Lee notes that Tesla has been responsible for about 15% of the year-to-date gains in the Russell 1000 Growth index, which is used as the benchmark for many of Fundstrat’s institutional clients. Tesla, however, is not a widely-owned stock among many of these investors. And so in Lee’s view, performance chasing among investors benchmarked to an index seeing an outsized impact from every tick higher in Tesla is driving the stock. A classic FOMO trade, or investors having a fear of missing out.

So if Lee’s view is that Tesla’s rally is being driven largely by a technical or performance-based factor, some analysts are still looking for possible fundamental cases that might explain the move we’re witnessing in the stock.

In a note to clients published Tuesday, Morgan Stanley analyst Adam Jonas tried to make sense of the recent rally, outlining his 5 key thoughts for the stock at $780 (share price commentary that was, of course, immediately stale — Tesla opened at $865 on Tuesday).

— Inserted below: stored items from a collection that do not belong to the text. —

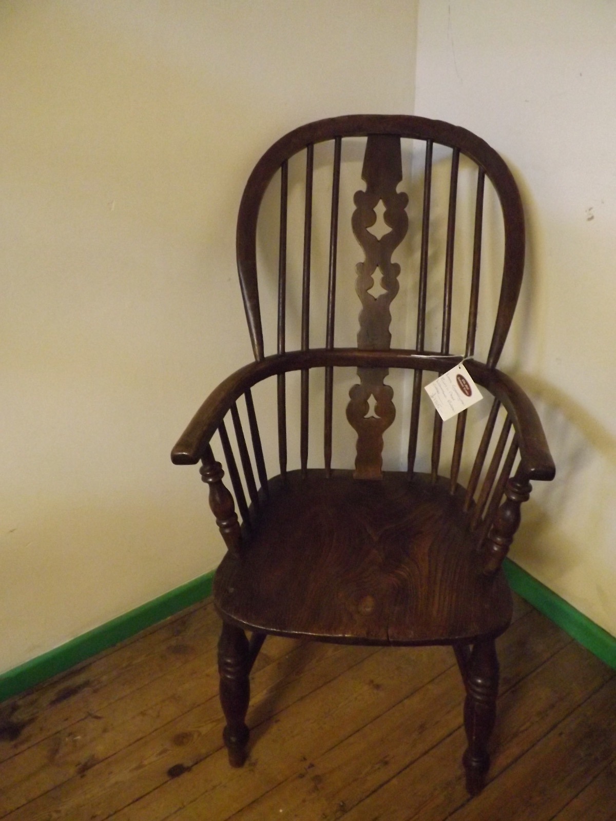 Here we have a beautiful late Georgian ash and elm Windsor elbow chair. This style of chair is very popular because of its high back and wide seat with curved arms. Very comfortable and practical with the saddle seat. This piece could be used in multiple rooms as either a dining chair bedroom chair or even a kitchen chair. The central fret splat and spindles are all in good condition.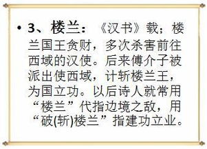 《漢書》載;樓蘭國王貪財(cái),多次殺害前往西域的漢使。后來傅介子被派出使西域,計(jì)斬樓蘭王,為國立功。以后詩人就常用“樓蘭”代指邊境之?dāng)?,用“破(斬)樓蘭指建功立業(yè)。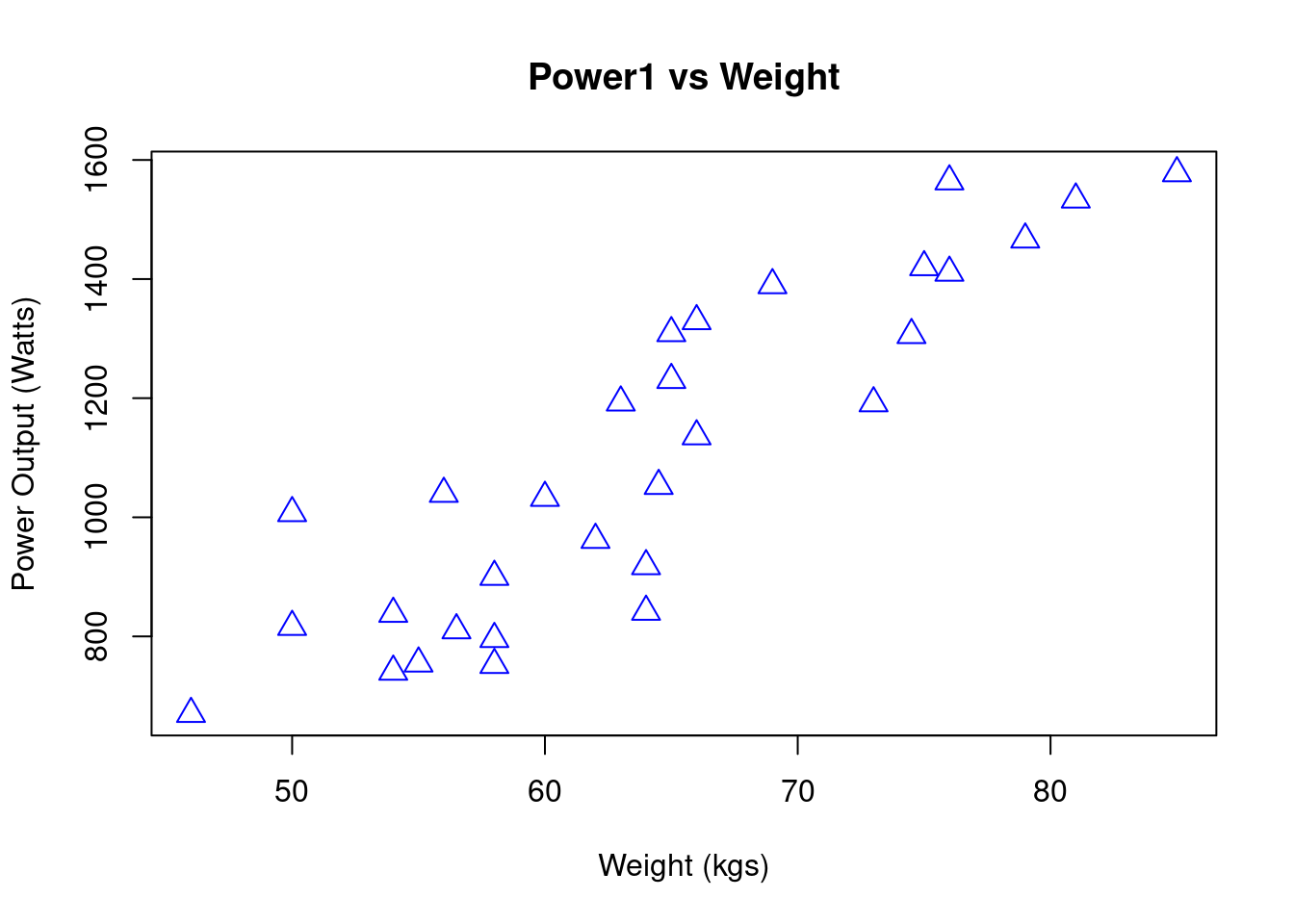 ylab = "Power Output (Watts)", pch = 2, cex = 1.5, col = "blue")iv. What can we say about the relationship between Power Output and Weight?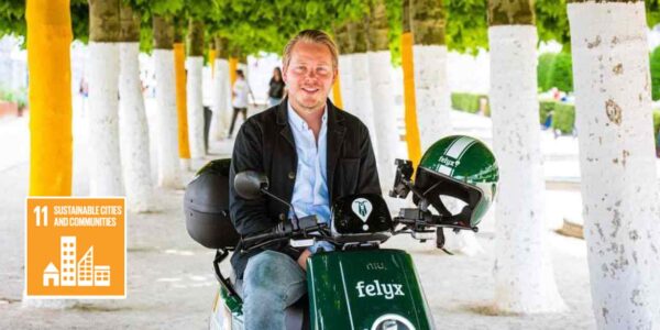 Two years on, Felyx Sharing now has a fleet of 1250 flexible rental scooters in Amsterdam, Brussels, Rotterdam and The Hague. Simplicity is essential here. Users install an app and are able to drive off with just a few clicks of a button. The parking spaces are unattended and located at several locations. The team is ambitious and has big plans ahead for scaling up!

One of Jonas’ areas of exploration was the “super bull case” for Tesla that creates a potential path towards the company becoming the most valuable auto company in the world. As of Tuesday’s close, Tesla’s market cap was just below $160 billion, not too far off the $200 billion market cap assigned to , currently the world’s most valuable carmaker.

But in the Jonas super bull world we’re looking past the world’s biggest car companies and thinking about what it might take to get Tesla into the realm of the Teracaps, the trillion-dollar companies that have defined this market moment. And Tesla realizing that vision takes the company way beyond a car company, but instead a dominant supplier for EV batteries and a “standard seller for autonomy” in a self-driving future.

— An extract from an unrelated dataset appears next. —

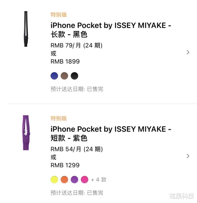 但万万没想到的是,今天 iPhone Pocket 正式开售后没过多久就直接售罄了,目前长款和短款的所有配色都的显示「已售完」状态。

As the dominant supplier of EV batteries and powertrain technology for the market, Jonas sees a path towards Tesla earning $8 billion in annual profit, which valued at 10x implies $400 of value per Tesla share today. Similarly, Tesla earning $5/month on subscription revenues from its autonomous driving software could earn $5 billion in annual profit. Value these profits at 15x and Jonas sees another $400 of per-share value for Tesla.

These are, of course, lofty assumptions and Jonas sees this as a “blue sky” scenario for the stock that would take at least a decade to play out.

But when the value of any business rises this far, this fast, all that’s left to go on are the most aggressive, everything-goes-right assumptions.

And even these guesses might not get us close to explaining how Tesla went to bed last night worth more than (NFLX), Nike (NKE), and McDonald’s (MCD).

As they say — the truth is often stranger than fiction.